国立高等学校、国立中等教育学校の後期課程 | 月額9,600円 |
公立高等学校(定時制)、公立中等教育学校の後期課程(定時制) | 月額2,700円 |
公立高等学校(通信制)、公立中等教育学校の後期課程(通信制) | 月額520円 |
国立・公立特別支援学校の高等部 | 月額400円 |
上記以外の支給対象高等学校等 | 月額9.900円 |
(高等学校等就学支援金制度|文部科学省より筆者作成)
私立高校の場合、年間の支給額は月額9900円×12ヶ月で約12万円で、私立高校の平均授業料40万円全額はカバーされません。ただし、保護者の所得水準によっては、月額9900円の補助金を1.5~2.5倍した額の加算があります。
支給限度額 | 加算倍率 | |
年収270万円未満 | 29万7,000円 | 2.5倍 |
年収270万~350万円程度 | 23万7,600円 | 2.0倍 |
年収350万~590万円程度 | 17万8,200円 | 1.5倍 |
(高等学校等就学支援金制度|文部科学省 より筆者作成)
2020年4月改定
高等学校等就学支援金の制度は2020年4月から改定されます。改定のポイントは2点です。

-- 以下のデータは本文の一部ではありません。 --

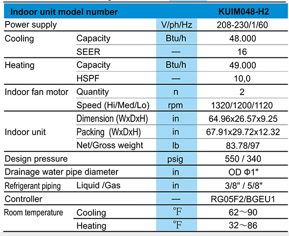 Product Name : Klimaire KUIM048-H2 48000 BTU Floor/Ceiling Mount Indoor Unit Ducltess Split Air conditioner

- 年収590万円未満の世帯の支給限度額を、私立高校の平均授業料を勘案した水準に引き上げる
- 所得制限の判定基準を地方税の所得割額から課税所得に変更する
「私立高校の平均授業料を勘案した水準」と分かりにくい表現になっていますが、私立高校の平均授業料約40万円に近い額までが補助されるようです。
申し込みは学校を通じて行い、補助金は国から学校へ直接支払われます。授業料が支給限度額範囲内であれば、保護者からの授業料徴収額はゼロとなるため、「私立高校の無償化制度」と呼ばれています。なお、年収590万円以上の世帯への補助額は11万8,800円ですので、それを超える分は保護者から徴収されます。さらに、年収910万円以上の世帯に対する補助はなく、全額保護者負担となります。

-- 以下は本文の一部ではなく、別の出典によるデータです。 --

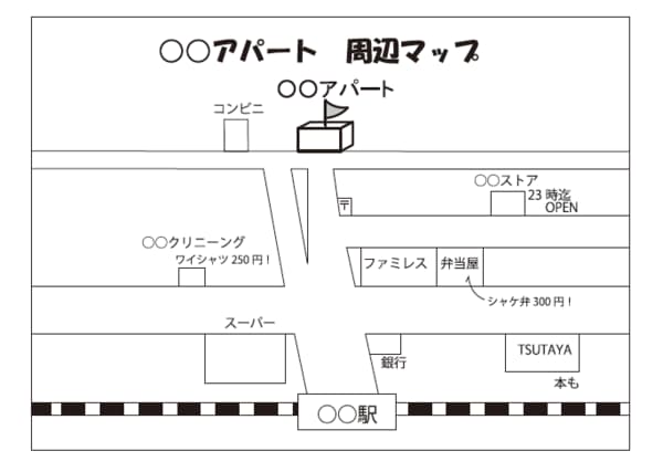 もうおわかりですね。大家であるあなたが教えてあげればいいのです。周辺マップを作って不動産業者に「物件を紹介するときに、これもお客さまに見せてください」と渡すだけです。ぜひやってみてください。また、空室内にカラーコピーしたものを置いておくのも良いでしょう。何枚かまとめて置いておき、「どうぞご自由にお持ち帰りください」としておけば手に取りやすくなります。

(参照元:高校生等への修学支援リーフレット|文部科学省)
都道府県による授業料軽減助成金
国の就学支援金の支給限度額は、全国の私立高校の平均授業料が目安となります。しかし、東京都の私立高校平均授業料は約45万円で、全国平均の約40万円より高くなっています。東京都のような地域による学費の差を埋めるのが、都道府県の授業料軽減助成金です。
名称や制度詳細は都道府県によって異なります。東京都の場合は、東京都在住であれば他県の私立高校へ通っていても助成金を受けられますが、神奈川県で助成を受けられるのは、神奈川県在住で神奈川県内の私立高校へ通っている場合のみです。申し込みは毎年6月ごろに学校を通して行われます。時期になったら、学校や都道府県庁に問い合わせてみましょう。
参考
私立高等学校等授業料軽減助成金事業|公益財団法人東京都私学財団
授業料以外の負担軽減・奨学給付金
私立高校に通うのにかかる費用は授業料だけではありません。その他にも、教科書代、教材費、学用品費、通学用品費、教科外活動費、生徒会費、PTA会費、入学学用品費、修学旅行費などさまざまな納付金があります。それらの経費の一部を、生活保護世帯と住民税非課税世帯に限り補助するのが奨学給付金です。授業料を補助する就学支援金とは異なる制度で、併用することができます。申し込みは別々に行います。
奨学給付金は、名前のとおり給付型の奨学金で、返済の必要はありません。就学支援金とは異なり、学校ではなく保護者に直接給付されます。申し込みに基づいて給付されるため、対象者は学校やお住まいの都道府県に申し込みをしましょう。